Lessons from ‘Citizens: A Chronicle of the French Revolution’
1.) Revolutions rarely solve the problems that initially give rise to their existence
2.) Revolutions often (mostly) end up duplicating and maintaining the status of many elites and power relationships/institutions. There’s often a period of radical flux, which exhausts itself in rage and death and fear… and then the old patterns begin to re-assert themselves. [P. 514-521]
3.) There’s a natural tension between pragmatism and idealism; between true democracy and institutional prerogatives (and effectiveness); between solutions to problems and popular acclaim. [P. 530-532]
4.) Revolutions become especially dangerous when the instruments of violence are married to a ‘moral panic’ dynamic
Social Justice: the New Puritan Witchhunt
What is the experience of craving like? Withdrawal? and what are the various kinds of delusion?
Make yourself the hero of your own story… (the difference between onerous and energizing burdens)
We need an ACTION-ORIENTED therapy practice… oriented on healing and achieving goals first and foremost… rather than just ‘affirming’ or ‘processing’ or ‘feeling’
The misappropriations of the language of mental healthcare: TRAUMA, PTSD, GASLIGHTING, SELF-CARE, AFFIRM, HEALTHY
Tolkien, the Modern Novel, and Subjectivity
Subjectivity has changed character and emphasis. That change has accelerated in the past decade.

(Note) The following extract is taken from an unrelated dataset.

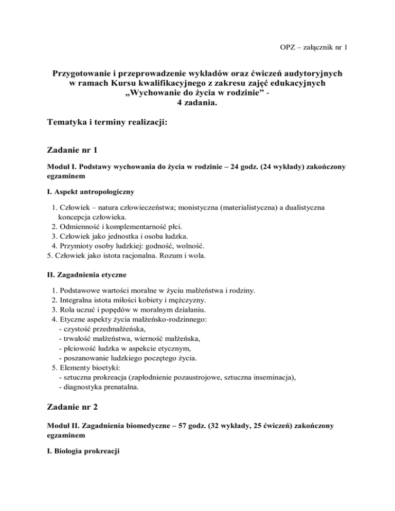 OPZ – załącznik nr 1 Przygotowanie i przeprowadzenie wykładów oraz ćwiczeń audytoryjnych w ramach Kursu kwalifikacyjnego z zakresu zajęć edukacyjnych „Wychowanie do życia w rodzinie” 4 zadania. Tematyka i terminy realizacji: Zadanie nr 1 Moduł I. Podstawy wychowania do życia w rodzinie – 24 godz. (24 wykłady) zakończony egzaminem I. Aspekt antropologiczny 1. Człowiek – natura człowieczeństwa; monistyczna (materialistyczna) a dualistyczna koncepcja człowieka. 2. Odmienność i komplementarność płci. 3. Człowiek jako jednostka i osoba ludzka. 4. Przymioty osoby ludzkiej: godność, wolność. 5. Człowiek jako istota racjonalna. Rozum i wola. II. Zagadnienia etyczne 1. Podstawowe wartości moralne w życiu małżeństwa i rodziny. 2. Integralna istota miłości kobiety i mężczyzny. 3. Rola uczuć i popędów w moralnym działaniu. 4. Etyczne aspekty życia małżeńsko-rodzinnego: - czystość przedmałżeńska, - trwałość małżeństwa, wierność małżeńska, - płciowość ludzka w aspekcie etycznym, - poszanowanie ludzkiego poczętego życia. 5. Elementy bioetyki: - sztuczna prokreacja (zapłodnienie pozaustrojowe, sztuczna inseminacja), - diagnostyka prenatalna. Zadanie nr 2 Moduł II. Zagadnienia biomedyczne – 57 godz. (32 wykłady, 25 ćwiczeń) zakończony egzaminem I. Biologia prokreacji 1. Rozwój układu płciowego męskiego i żeńskiego. 2. Wady rozwojowe układu płciowego. 3. Determinacja płci. 4. Przebieg dojrzewania dziewcząt i chłopców. 5. Regulacja neurohormonalna: oś podwzgórzowo-przysadkowo-gonadalna. 6. Zaburzenia dojrzewania płciowego. 7. Budowa układu płciowego męskiego i spermatogeneza. 8. Budowa układu płciowego żeńskiego i oogeneza. 9. Cykl miesiączkowy i jego zaburzenia. 10. Zapłodnienie. 11. Prokreacja wspomagana medycznie: wywoływanie owulacji, sztuczna inseminacja, zapłodnienie in vitro, eksperymenty dotyczące klonowania. II. Wybrane zagadnienia ginekologiczno-położnicze 1. Wybrane zagadnienia ginekologii wieku rozwojowego. 2. Przygotowanie do poczęcia: czynniki wpływające na zdrowie matki i dziecka. 3. Rozwój prenatalny dziecka. 4. Przebieg i higiena ciąży. 5. Przygotowanie do porodu; szkoły rodzenia. 6. Fizjologia porodu; poród naturalny i poród rodzinny. 7. Karmienie niemowlęcia; promocja karmienia piersią. 8. Rozwój więzi matki i ojca z dzieckiem we wczesnym okresie życia. 9. Ciąża mnoga. 10. Najczęstsze powikłania ciąży i porodu. 11. Bezpłodność: przyczyny, zapobieganie i leczenie. 12. Aborcja: istota, skutki biomedyczne i psychiczne, uwarunkowania prawne. 13. Menopauza i andropauza. III. Planowanie rodziny (prowadzi instruktor naturalnego planowania rodziny) 1. Metody rozpoznawania płodności – naturalne planowanie rodziny (NPR); rodzaje metod (termiczna, owulacji Billingsa i objawowo-termiczna). 2. Nauka metody objawowo-termicznej austriackiej 3. Antykoncepcja: metody i środki, mechanizmy działania, skuteczność, działanie uboczne i powikłania. Zadanie nr 3 Moduł III. Zagadnienia seksuologiczne - 40 godz. (25 wykładów, 7 ćwiczeń) zakończony egzaminem I. Natura ludzkiej seksualności 1. Biologiczne uwarunkowania popędu seksualnego. 2. Psychospołeczne i kulturowe uwarunkowania przejawów seksualności człowieka. 3. Rola i funkcje seksualności w życiu człowieka (budowanie więzi i prokreacja). II. Seksualność w rozwoju ontogenetycznym 1. Seksualność w kolejnych etapach życia. 2. Kształtowanie identyfikacji i tożsamości płciowej. 3. Dojrzewanie psychoseksualne dziewcząt i chłopców. 4. Wychowanie do integralnego przeżywania ludzkiej seksualności. III. Seksualność kobiety i mężczyzny 1. Biologiczne uwarunkowania seksualności kobiety i mężczyzny. 2. Psychologia kobiety, psychologia mężczyzny. 3. Zachowania seksualne w świetle badań. IV. Seksuologia 1. Wybrane metody terapii i poradnictwa. 2. Pedagogika seksuologiczna i jej typologia. V. Seksualność osób chorych, niepełnosprawnych oraz pozostających w szczególnych warunkach. VI. Norma a zachowania seksualne(zaburzenia seksualne i dewiacje) 1. Problemy normy i patologii. 2. Zaburzenia seksualne i dewiacje. 3. Uzależnienia a zachowania seksualne. 4. Erotyzm w sztuce. 5. Komercja seksualna: pornografia, sex shopy, prostytucja. 6. Przemoc seksualna: typy, profilaktyka i terapia. VII. Prawne regulacje zachowań seksualnych. Zadanie nr 4 Moduł IV. Zagadnienia psychologiczno-pedagogiczne – 32 godz. (28 wykładów, 4 ćwiczenia) zakończony egzaminem I. Psychologia małżeństwa 1. Dojrzałość do zawarcia małżeństwa. 2. Wybór współmałżonka. 3. Czynniki wpływające na trwałość związku, np. system wartości i jego urzeczywistnianie, empatia, komunikacja, współdziałanie, wspólne zainteresowania, współżycie seksualne, rozwiązywanie konfliktów. 4. Przyczyny trudności w małżeństwie i sposoby ich pokonywania. II. Psychologia i pedagogika rodziny 1. Systemowe ujęcie rodziny. 2. Rodzina jako wspólnota. Rodzina prawidłowa. Etapy życia rodzinnego. 3. Istota, zasady i metody wychowawcze. 4. Środowisko wychowawcze. „Wychowanie przez codzienność”. III. Psychologia płciowości i prokreacji 1. Psychologiczne aspekty kobiecości i męskości. 2. Role płciowe: macierzyństwo, ojcostwo, komplementarność ról rodzicielskich. 3. Psychologia ciąży, porodu, połogu i karmienia; macierzyństwo i ojcostwo. 4. Psychologiczne aspekty planowania rodziny, diagnostyki prenatalnej, niepłodności, aborcji. 5. Przyczyny wczesnej inicjacji seksualnej młodzieży. 6. Psychologiczne aspekty nieletniego rodzicielstwa; samotne macierzyństwo i ojcostwo. IV. Społeczne zagrożenia życia rodzinnego: uzależnienia, bezrobocie, ubóstwo, przemoc, sekty V. Mass media 1. Mechanizmy oddziaływania mass mediów na człowieka. 2. Obraz płciowości, małżeństwa i rodziny w mass mediach. 3. Wpływ mass mediów na rozwój osobowy i relacje międzyludzkie (z uwzględnieniem specyfiki

(Introduce) ‘The Bicameral Mind’ concept… the idea that out inner narrative voice and dialogue-based ‘stream of consciousness’ actually didn’t exist before the Bronze Age. It emerged and then spread (how?) and was initially mistaken for messages from spirits or deities (PROBABLY NOT TRUE, BUT INTERESTING AS A PREMISE)
The Silmarillion (excerpt)
The book focuses on the actions of the characters and only mentions motivations or extreme displays of emotion as a way to advance the plot. Much like the Bible, it gives an account of heroic events and is uninterested in the thoughts and feelings of its characters for the most part
CONTRAST: Excerpt from a modern novel
Implications: felt everywhere
Also a shift in attitude and priorities and approach to life and problems
Why has this happened? (Birth of the novel; James Joyce… )
I could do this all week but I will relent. If you’ve read this far you have my admiration. Perhaps I’ll make another post like this in the future; perhaps not.